STAG3 is required for stable localization of RAD21L and REC8 cohesins at chromosome axes. (A–C) Example chromatin spread preparations from purified testicular germ cells of control, Rad21l, Rec8, Stag3 single mutants, and the three possible double mutant combinations aged 15 d postpartum. Chromatin spreads were immunolabeled using antibodies against the SC lateral element protein SYCP3 (red) and either RAD21 (A), or RAD21L (B), or REC8 (C), all of which are shown in green. Zygotene and pachytene stages are depicted for control, and typical examples for each mutant are given. The numbers within each chromatin spread represent the average Manders’ colocalization/overlap coefficient for each cohesin component within the SYCP3 axes (N = 25 chromatin spreads per strain).
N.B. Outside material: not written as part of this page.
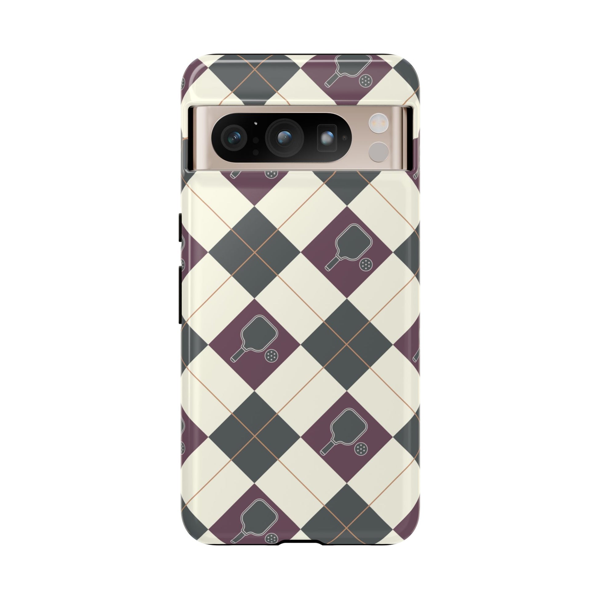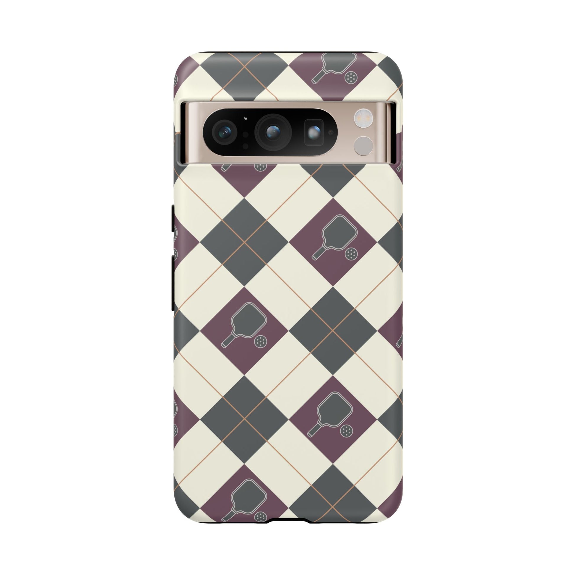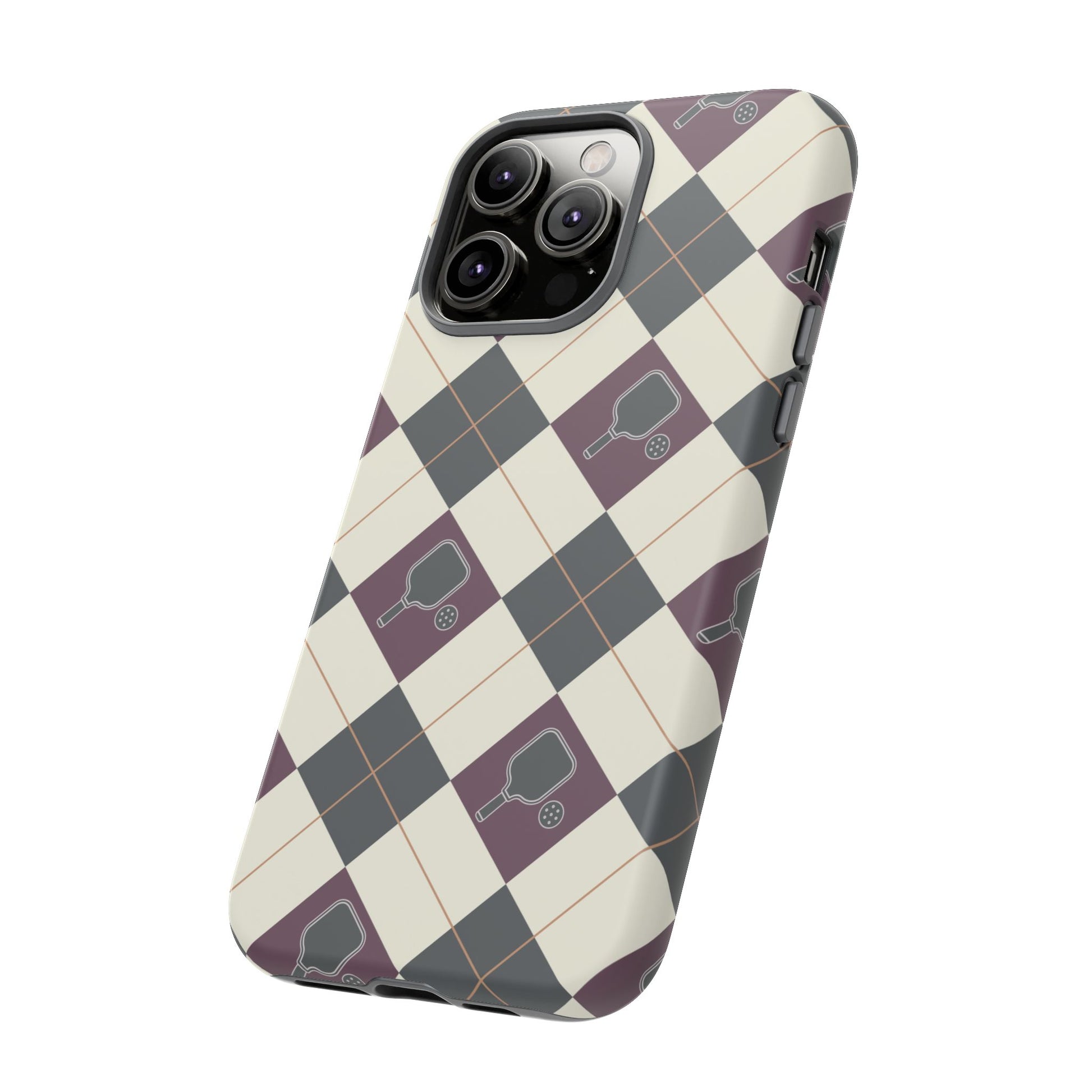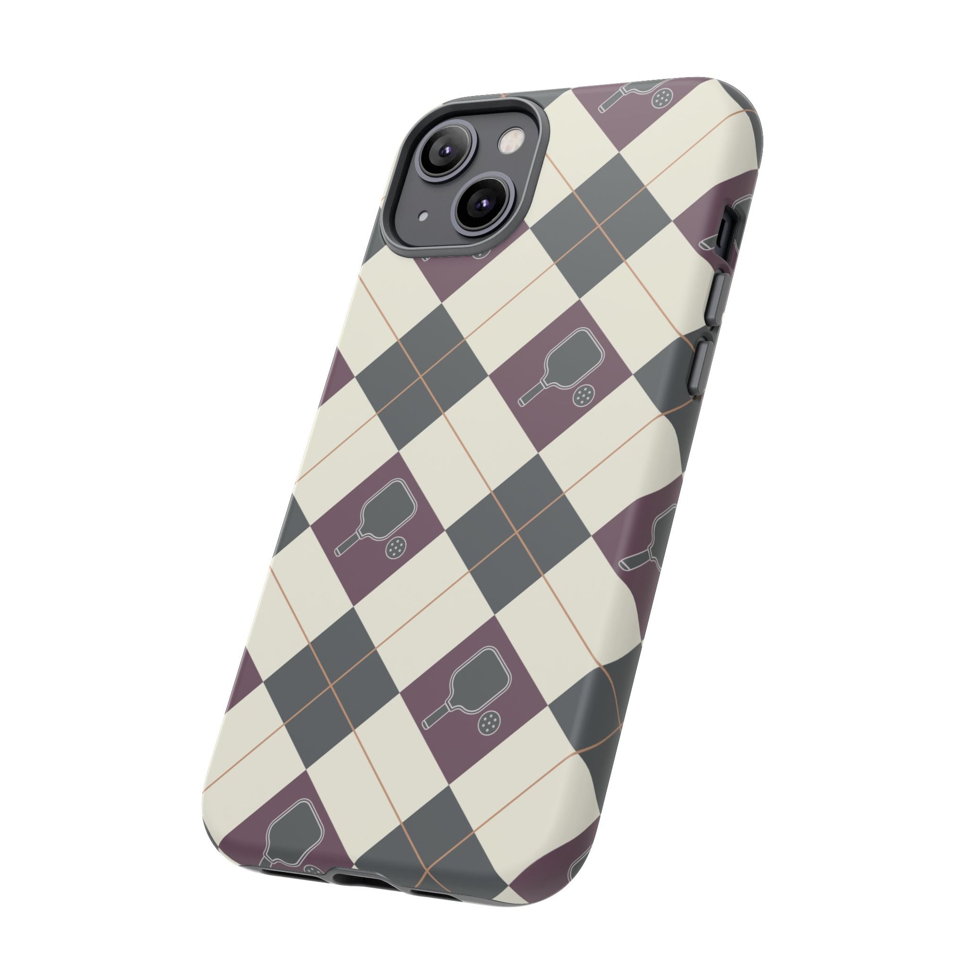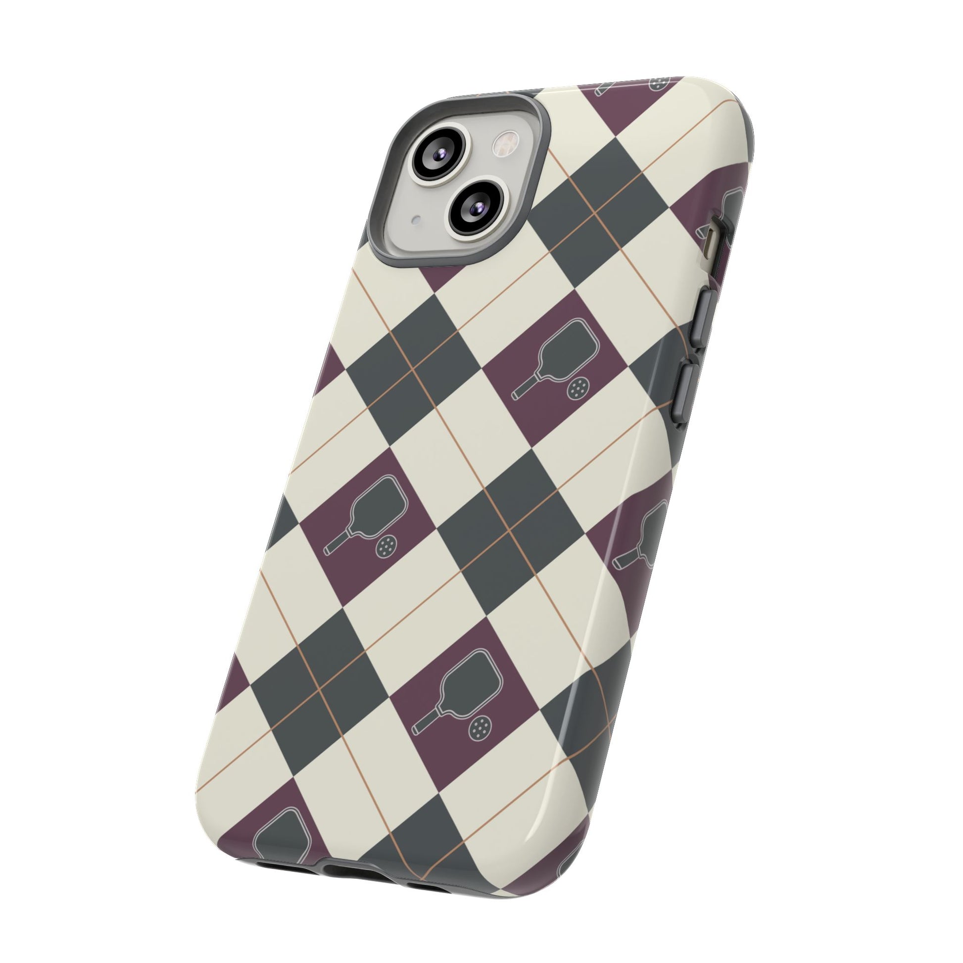 Experience a unique blend of classic style and sporty design with this dark green and purple argyle cell phone case. Scattered with small pickleball paddles, this design appeals to pickleball players who want to protect their phones while sharing their love for the game.

Scale bars = 10 µm.

Figure 5

STAG3 is required for stable axial localization of meiosis-specific cohesins, but not the mitotic cohesins. (A–C) Example chromatin spread preparations from purified testicular germ cells of control, Rad21l, Rec8, Stag3 single mutants, and the three possible double mutant combinations aged 15 d postpartum. Chromatin spreads were immunolabeled using antibodies against the SC lateral element protein SYCP3 (red), and either SMC3 (A), or SMC1α (B), or SMC1β (C), all of which are shown in green. Zygotene and pachytene stages are depicted for control, and typical examples for each mutant are given. The numbers within each chromatin spread represent the average Manders’ colocalization/overlap coefficient for each cohesin component within the SYCP3 axes (N = 25 chromatin spreads per strain). Scale bars = 10 µm.